Please, could you print all the lines below exactly, leaving out the pictures?

# DATA
* * * * * * * * *
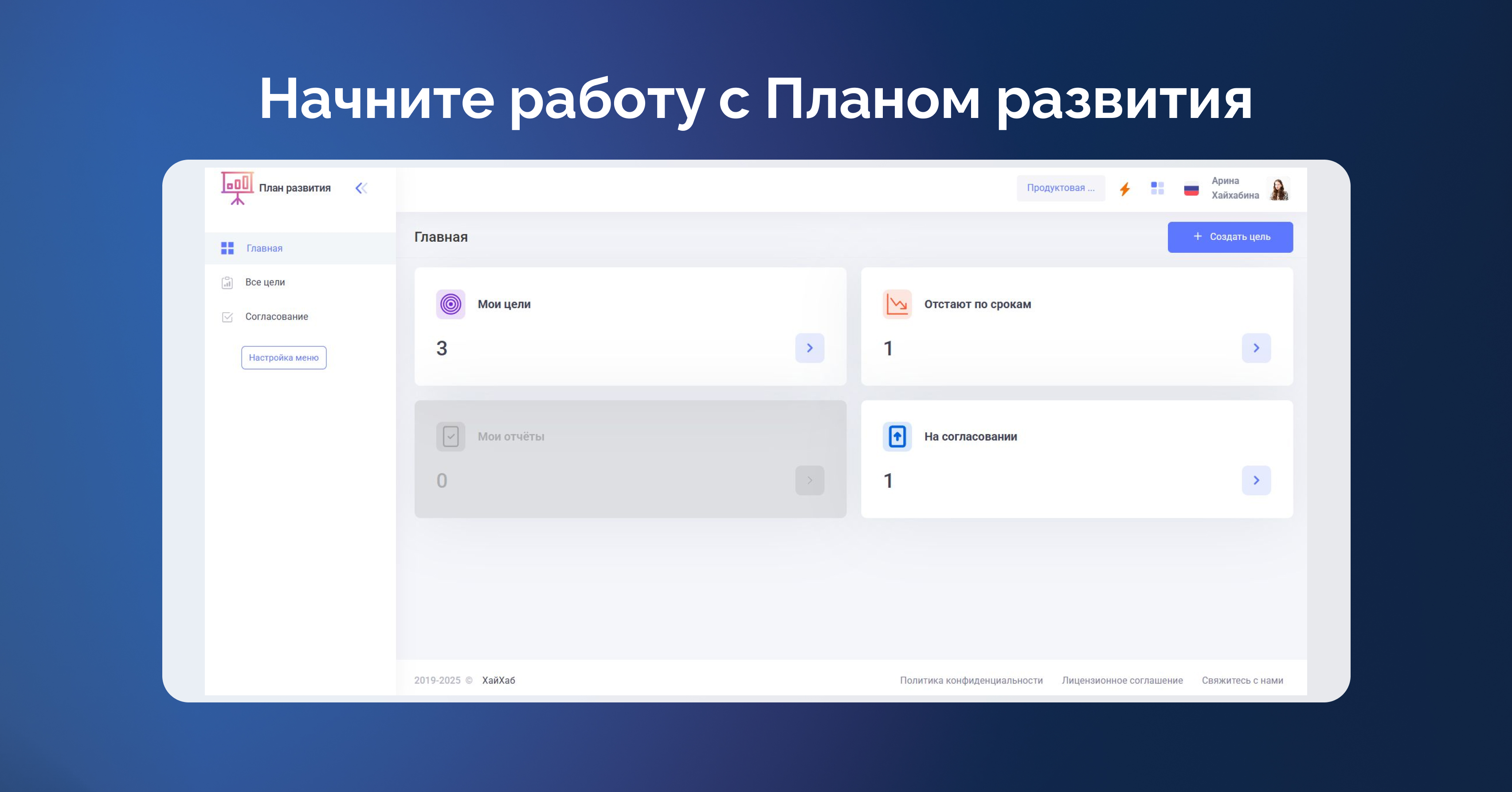 Пользователь — видит цели, где он указан в роли ответственного или согласующего. Может создавать цели для себя и коллег.
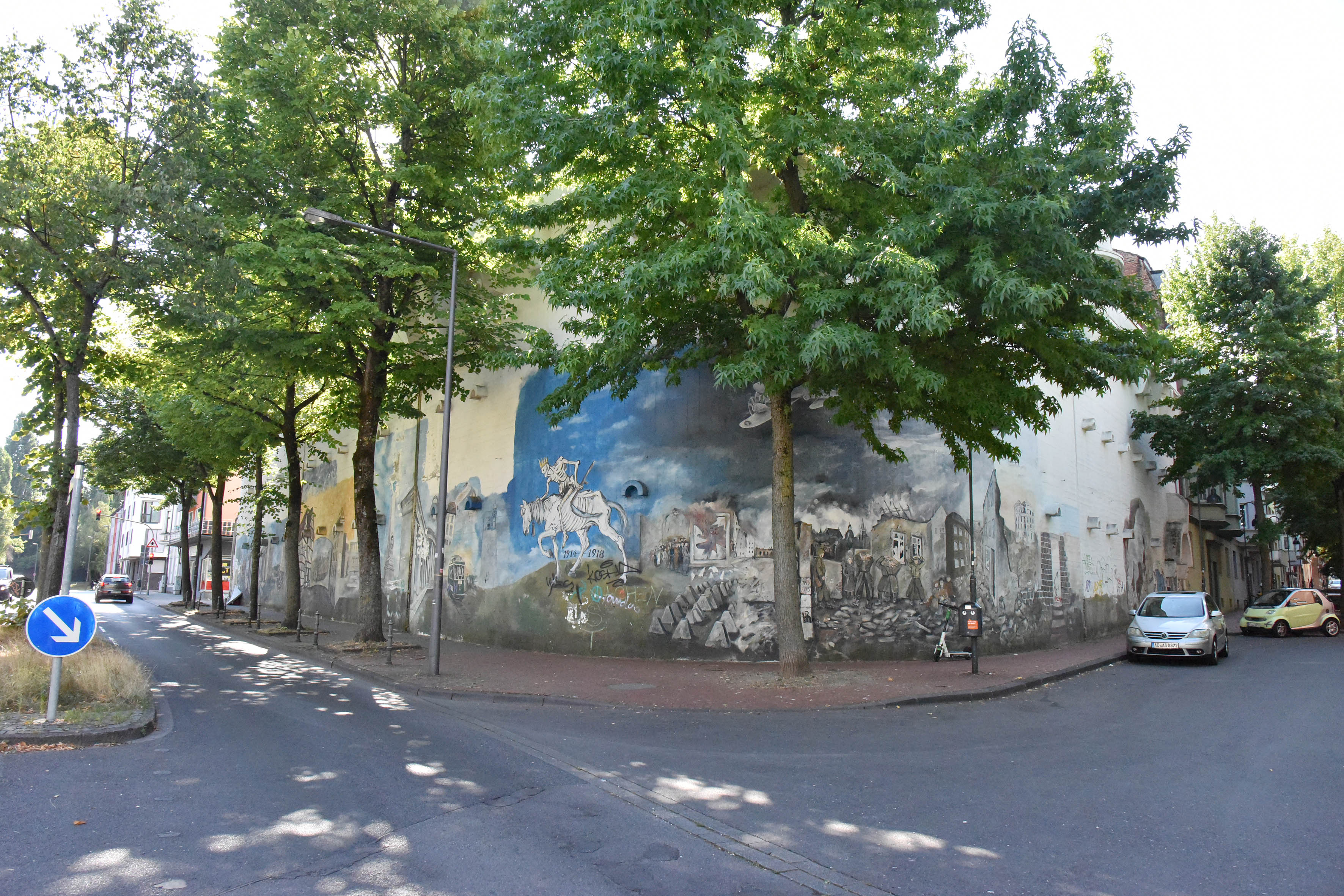 Der Hochbunker mit der markanten Malerei auf der Außenfassade (Foto unten) ist nur einer von über 38 Orten und Programmpunkten an diesem Tag in Aachen. Die Denkmal-Spuren ziehen sich durch die ganze Stadt. Wer auf sie stößt, kann Fragen stellen: Wie hat der Architekt Benno Schachner das Gießerei-Institut entwickelt? Was hat der Wardsche Kasten, benannt nach dem englischen Botaniker und Arzt Nathaniel Bagshaw Ward, auf dem Lousberg verloren? Und welche Geschichtsspuren verbergen sich in Gut Muffet? Antworten gibt es am 11. September.
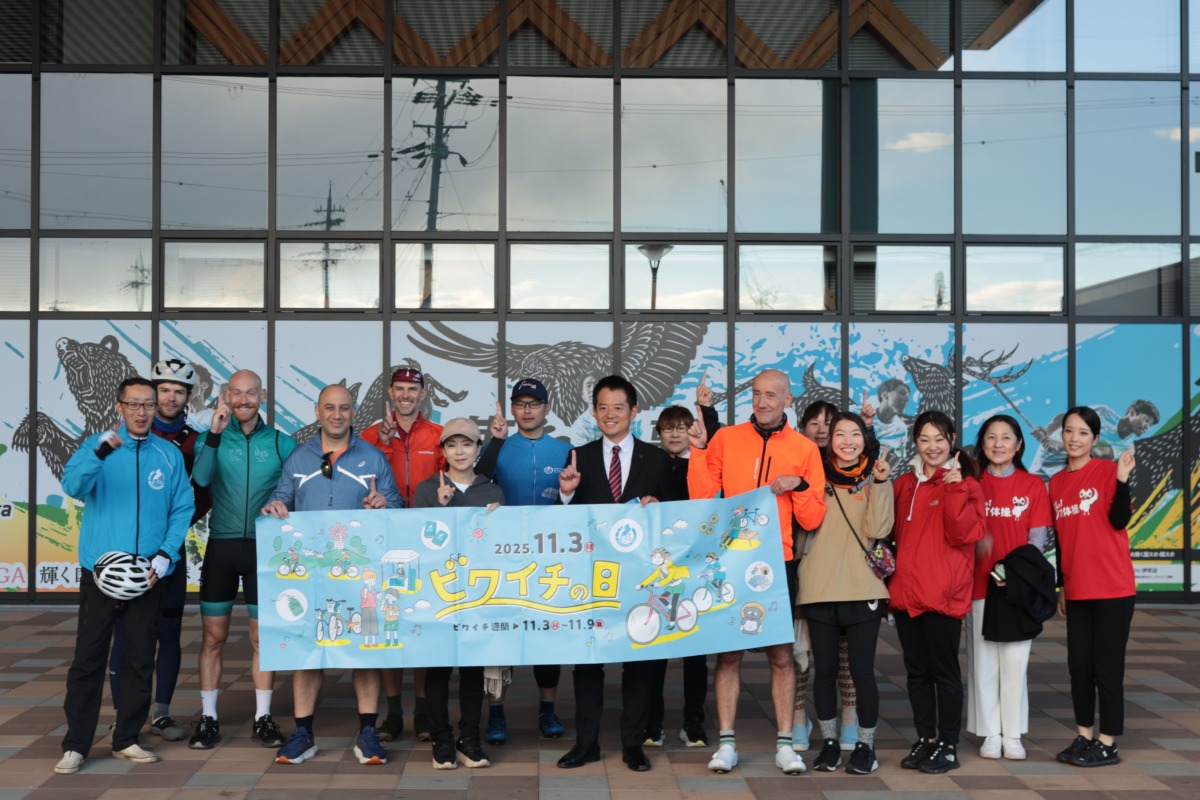 11月3日は「ビワイチの日」ということで、滋賀県内で「ビワイチの日2025」記念ライドが開催された。「ビワイチの日」はナショナルサイクルルート「ビワイチ(琵琶湖一周サイクリング)」の魅力を国内外に発信する目的で毎年実施されているが、今年は初めて海外要人を招き、国際的な交流をテーマにした特別な一日となった。招待されたのは駐日EU代表部のジャン=エリック・パケ大使、駐日マルタ共和国のアンドレ・スピテリ大使、ホストとして滋賀県の三日月大造知事、岸本織江副知事が参加し、地元のツアーガイドやサイクリストなど約30名と共に、守山から米原までの約60kmのライドを楽しんだ。
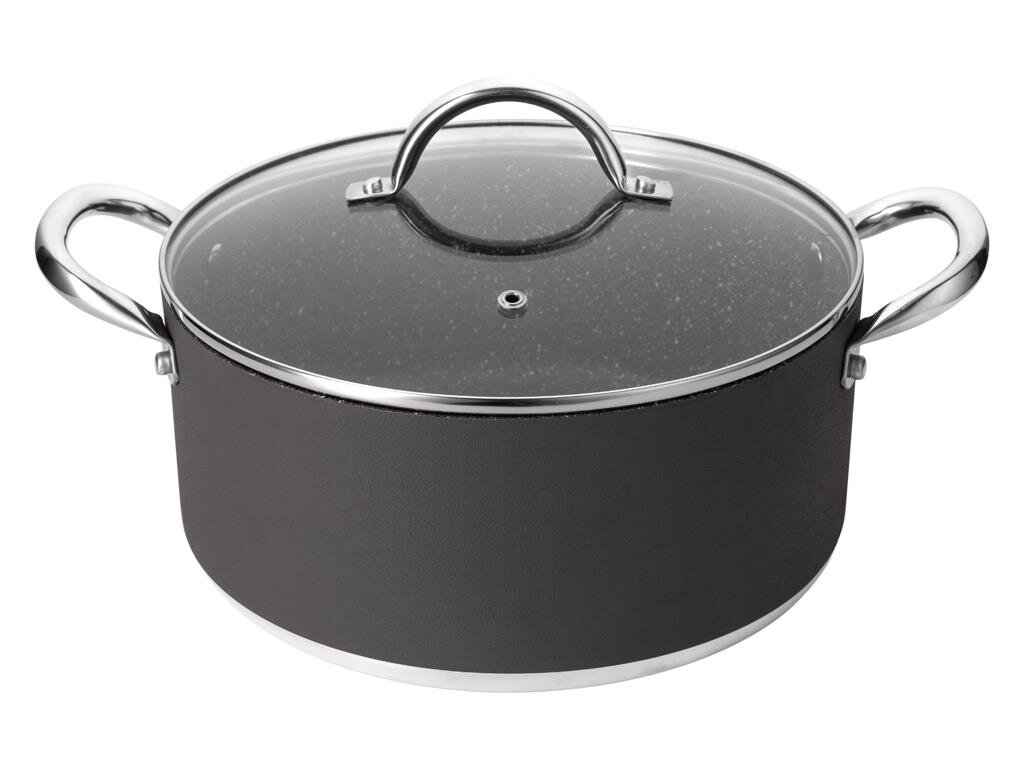 Hrnec 28cm, 6,3,2 vrstvý nepřilnavý povrch zesílený kamennou drtí, tvořící vzduchový polštář, díky kterému lze smažit v menším množství tuku; nerezové uchyty; vhodný na všechny typy varných desek včetně indukce; možnost použití v troubě při max. teplotě 130 °C; skleněná poklička przeczytaj całość
* * * * * * * * *
# THE ANSWER
 Пользователь — видит цели, где он указан в роли ответственного или согласующего. Может создавать цели для себя и коллег.
 Der Hochbunker mit der markanten Malerei auf der Außenfassade (Foto unten) ist nur einer von über 38 Orten und Programmpunkten an diesem Tag in Aachen. Die Denkmal-Spuren ziehen sich durch die ganze Stadt. Wer auf sie stößt, kann Fragen stellen: Wie hat der Architekt Benno Schachner das Gießerei-Institut entwickelt? Was hat der Wardsche Kasten, benannt nach dem englischen Botaniker und Arzt Nathaniel Bagshaw Ward, auf dem Lousberg verloren? Und welche Geschichtsspuren verbergen sich in Gut Muffet? Antworten gibt es am 11. September.
 11月3日は「ビワイチの日」ということで、滋賀県内で「ビワイチの日2025」記念ライドが開催された。「ビワイチの日」はナショナルサイクルルート「ビワイチ(琵琶湖一周サイクリング)」の魅力を国内外に発信する目的で毎年実施されているが、今年は初めて海外要人を招き、国際的な交流をテーマにした特別な一日となった。招待されたのは駐日EU代表部のジャン=エリック・パケ大使、駐日マルタ共和国のアンドレ・スピテリ大使、ホストとして滋賀県の三日月大造知事、岸本織江副知事が参加し、地元のツアーガイドやサイクリストなど約30名と共に、守山から米原までの約60kmのライドを楽しんだ。
 Hrnec 28cm, 6,3,2 vrstvý nepřilnavý povrch zesílený kamennou drtí, tvořící vzduchový polštář, díky kterému lze smažit v menším množství tuku; nerezové uchyty; vhodný na všechny typy varných desek včetně indukce; možnost použití v troubě při max. teplotě 130 °C; skleněná poklička przeczytaj całość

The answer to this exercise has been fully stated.